- Directed by: Chris Marker
- Written by: Chris Marker
- Produced by: Thierry Garrel
- Narrated by: Alexandra Stewart Eva Mattes Marina Vlady
- Cinematography: Marc-Andre Batigne
- Edited by: Chris Marker
- Release date: February 2000 (Berlin);
- Running time: 55 minutes
- Country: France

= One Day in the Life of Andrei Arsenevich =

One Day in the Life of Andrei Arsenevich (Une journée d'Andrei Arsenevitch) is a 2000 French documentary film directed by Chris Marker about, and as an homage to, the Russian filmmaker Andrei Tarkovsky. The film was an episode of the French documentary film series Cinéastes de notre temps (Filmmakers of our time), which in over ninety episodes since 1966 concentrates on individual film directors, film people and film movements. The title of the film is a play on the title of Aleksandr Solzhenitsyn's novella One Day in the Life of Ivan Denisovich.

==Plot==
The film combines clips from Tarkovsky's films with footage of Tarkovsky on the set of his last film The Sacrifice and on his deathbed, during the final stage of his battle with cancer. The film mostly relies on images, with only sparse commentary, and concentrates mainly on giving insight into Tarkovsky's work and philosophy and on exploring the intersections between his private life and his work. The film starts with a scene from Tarkovsky first film Ivan's Childhood and ends with a parallel scene from his last film The Sacrifice. It shows the reunion of Tarkovsky with his son Andrei Jr., who had been allowed to leave the Soviet Union only after Tarkovsky was diagnosed with terminal lung cancer. Apart from Andrei Tarkovsky himself the film shows, among others, his second wife Larisa Tarkovskaya, his son Andrei Jr., the editor of the film The Sacrifice Michal Leszczylowski, the French actress Valérie Mairesse, the Swedish cinematographer Sven Nykvist and the Russian actress Margarita Terekhova.

==Release==
The film was screened at the 2000 Berlin International Film Festival, the 2000 San Francisco International Film Festival, the 2000 Telluride Film Festival, the 2000 Toronto International Film Festival and the 2001 Doubletake Documentary Film Festival. The film was also screened at the Santa Fe Film Festival in 2000 and won the best documentary award. The film was shown on the Franco-German TV channel Arte on 17 May 2000.

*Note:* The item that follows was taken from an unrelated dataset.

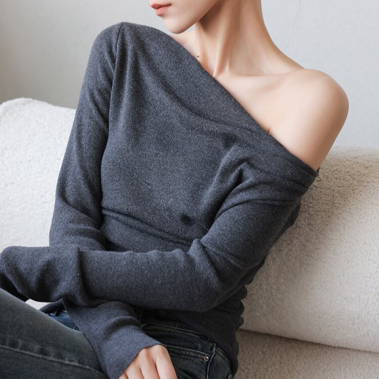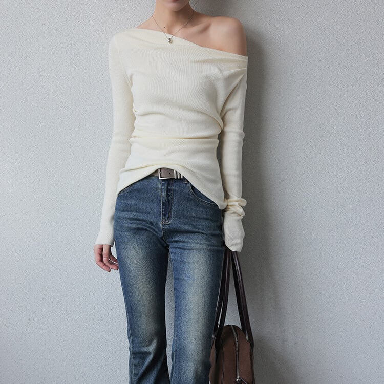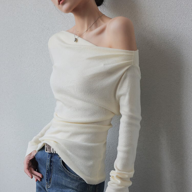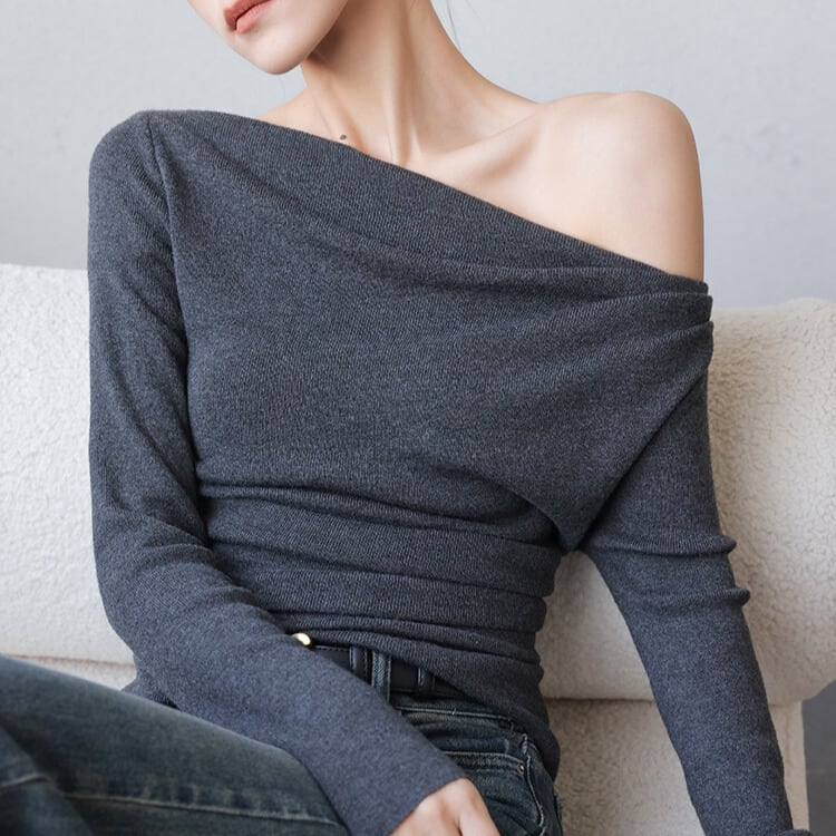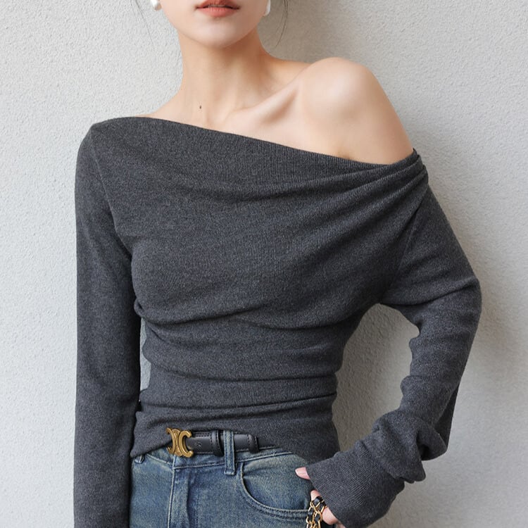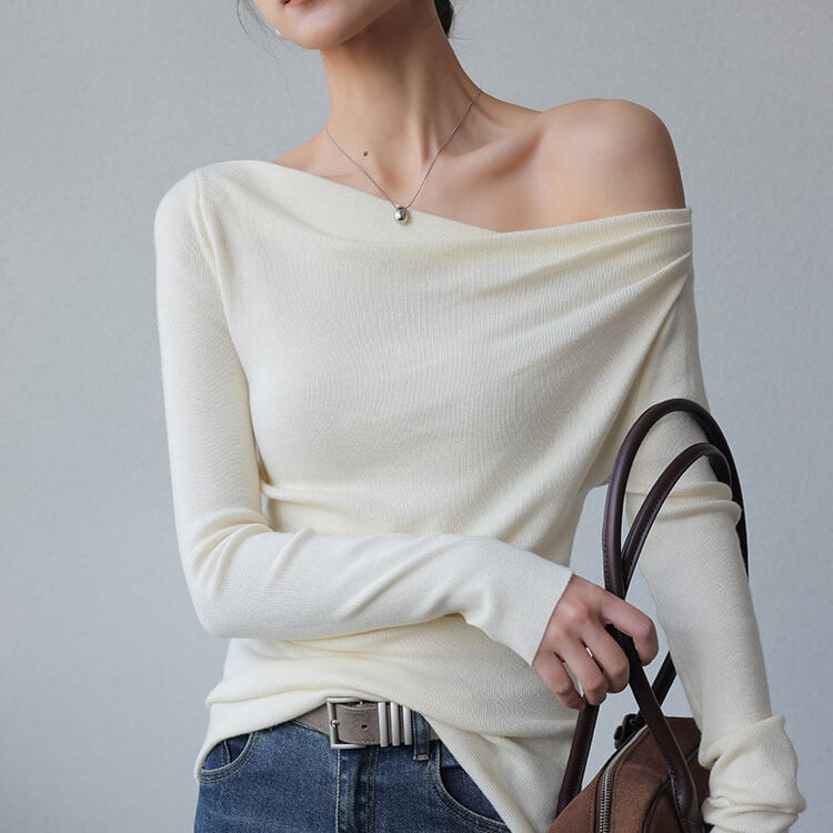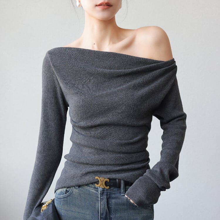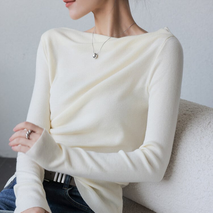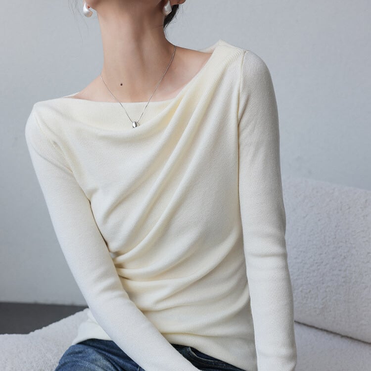 上品なドレープネックが、デコルテを美しく見せてくれるカットソー。

On June 21, 2011, Icarus Films released One Day in the Life of Andrei Arsenevich on home video. Included on the disc, alongside the film, are two short films about contemporary Russia: Three Songs About The Motherland by Marina Goldovskaya, and In the Dark by Sergey Dvortsevoy.

==Critical reception==
Although not widely distributed, the film received very positive reviews. Jonathan Rosenbaum of the Chicago Reader writes that One Day in the Life of Andrei Arsenevich is "the best single piece of Tarkovsky criticism I know of, clarifying the overall coherence of his oeuvre while leaving all the principal mysteries in the films intact." whereas J. Hoberman of the Village Voice called the film "a brilliant appreciation of the last great Soviet director, Andrei Tarkovsky".

On review aggregator website Rotten Tomatoes, the film holds an approval rating of 100% based on 9 reviews, with an average rating of 9.2/10.

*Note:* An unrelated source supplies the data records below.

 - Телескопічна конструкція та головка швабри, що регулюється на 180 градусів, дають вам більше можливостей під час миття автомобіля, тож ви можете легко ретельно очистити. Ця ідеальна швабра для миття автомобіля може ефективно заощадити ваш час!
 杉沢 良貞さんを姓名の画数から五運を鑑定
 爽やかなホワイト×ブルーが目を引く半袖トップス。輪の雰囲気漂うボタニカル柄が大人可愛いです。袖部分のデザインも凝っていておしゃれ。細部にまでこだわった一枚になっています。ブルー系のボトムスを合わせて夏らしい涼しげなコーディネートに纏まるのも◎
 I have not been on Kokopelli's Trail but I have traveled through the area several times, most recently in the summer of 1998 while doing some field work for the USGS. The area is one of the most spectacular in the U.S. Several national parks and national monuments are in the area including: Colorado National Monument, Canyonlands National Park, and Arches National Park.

==Other documentaries about Tarkovsky ==
Several dozen other documentaries about Andrei Tarkovsky have been produced. Most notable are Voyage in Time by Tonino Guerra and Andrei Tarkovsky himself, Moscow Elegy by Alexander Sokurov, The Recall by Tarkovsky's son Andrei Jr., and Regi Andrej Tarkovskij by Michal Leszczylowski, the editor of Tarkovsky's The Sacrifice. Tarkovsky has also been featured in numerous documentaries about the history of cinema or the craft and art of filmmaking.